One of the biggest questions for us, when we developed these events, was what would be the right space to do them in?  This would involve finding spaces where we could bring together research, art practice, communities and local politicians- and which also fully considers the mobility and geography of the community. There are few spaces which can offer such an expanded context. The artists adopted different approaches to space in each nation, using a cinema foyer, a design fair, a library and a social activism space. As an artist my focus was on what space would enable me to present the work in, but at the same time, we recognised that a contemporary gallery space was unlikely to be physically or feel culturally accessible in the communities we were working.

One of our case studies, Stamford in Lincolnshire, was chosen because it was a green ‘transition town’ (a political award that doesn’t exist anymore). We decided to use Stamford’s Art Centre. This is a busy community space with a cinema, a café, big poetry programme, and masses of community groups- a footfall of at least 100 people a day. The gallery is usually used to show local artists work- usually painting or craft- and displayed on hanging rails.

photograph showing detail of art exhibition, with drawings and images pasted on cardboard

Keeping Warm (detail), Becky Shaw, Stamford Art Gallery, January 14-27 2025. 

I presented 50 plus enlarged drawings scanned from tiny fast drawings made while listening to oral histories. There were mounted on cardboard and displayed with a combination of leaning, clips and hardboard stands. The images were interspersed with home heating advertisements that brought a ‘chilly’ and authoritarian language that counteracted the intimate and informal language of the drawings. The drawings overlapped each other and made stories/tensions between each other. However, I was uneasy about how my deliberately informal and transitory display mechanism (chosen because oral histories always change and are like verbal collage) might interact with the conventions of the non-contemporary art gallery. This involved paying attention to how audiences engage with works, and how their frames of reference affect how they see the work. I needed to take the audience on a journey where they might see the roughness of the drawings and the cardboard as an intentional part of the artistic language rather than being ‘unfinished’ in relation to what was usually shown there. The drawings were accompanied by twenty lenticular images that fused people’s drawings with home heating related advertisements, and a film reel of 14 different playful experiments with transition- which I will explore in a separate blog.

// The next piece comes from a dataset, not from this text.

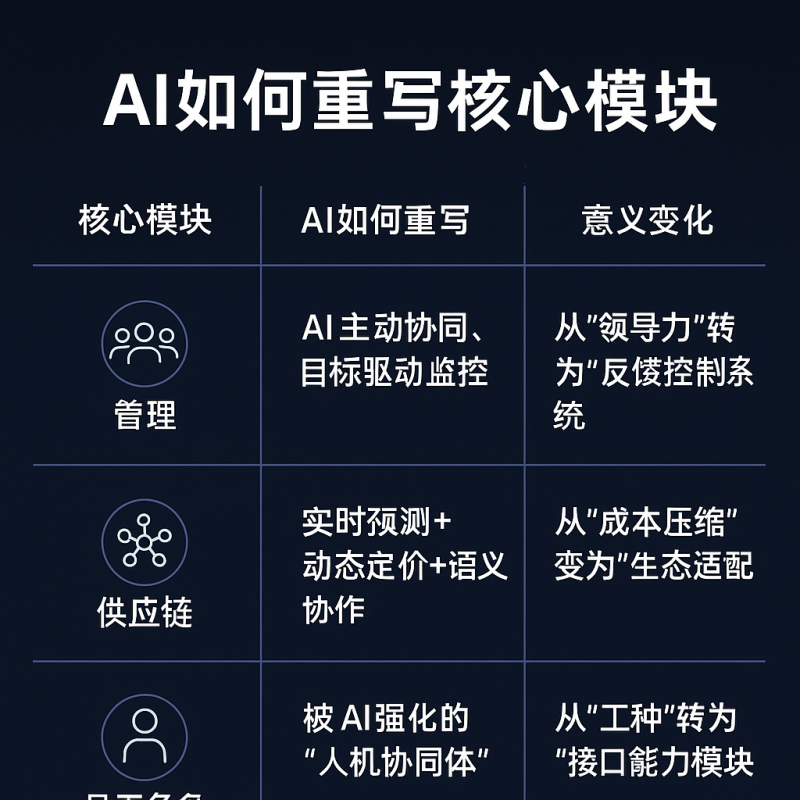一旦AI深度嵌入价值链,组织就不再是“人搭起来的流程”,而是“系统自动协调的人机生态”。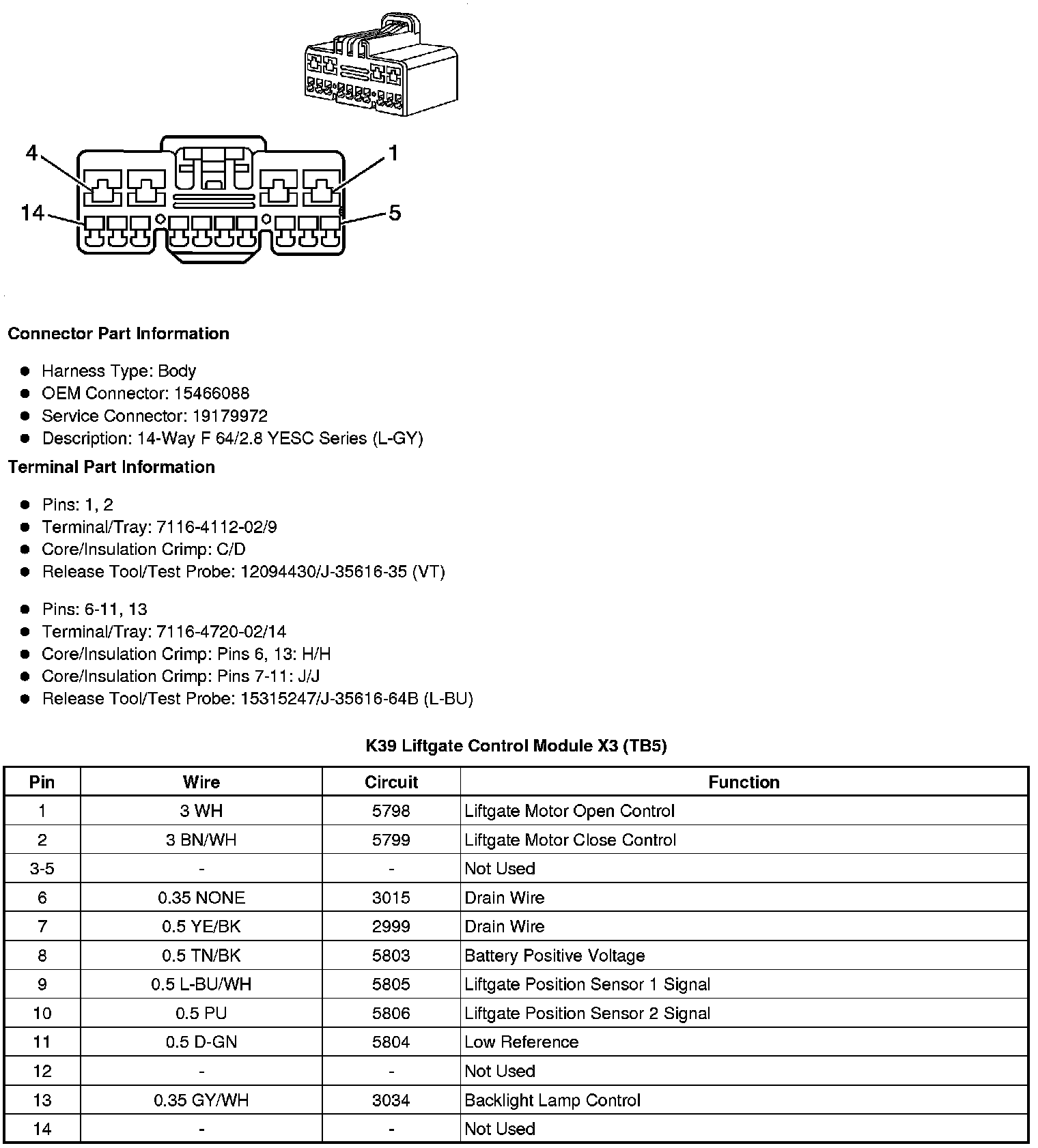K39 Liftgate Control Module X3 (TB5)

We were concerned about how to make the oral histories themselves present. We chose not to play recordings in this space but instead decided to look for a strategy to bring the contemporary community together with the oral histories and enable the stories to be embodied and lived again. We were introduced to Darren Rawnsley who leads many youth and theatre groups in the area and asked if he might bring a group of people to read excerpts from the oral histories. He brough a team of 8 readers aged from 10-80. The power of hearing an oral history about heating poverty and households without hot water read by a contemporary child, was unsettling and, for me, really interesting. The reading made the relationship between children’s experiences now and in the 1940s both present, lifting the tendency for the stories to be seen as nostalgic or romantic. This strategy (which I have used in earlier works such as A: The Christmas Party) also enabled us to work with the readers and to forefront their performances. By bringing the artworks and the readings into this space we wanted the oral histories to be alive and present again, rather than something we had taken away and analysed in a separate space.

Becky Shaw is an artist researcher, Professor in Fine Art Practice, and College Academic Lead for Research Enterprise and Innovation at BCU.

Just Heat is funded by CHANSE, Collaboration of Humanities and Social Sciences in Europe, a joint initiative of 27 research funding organisations from 24 countries.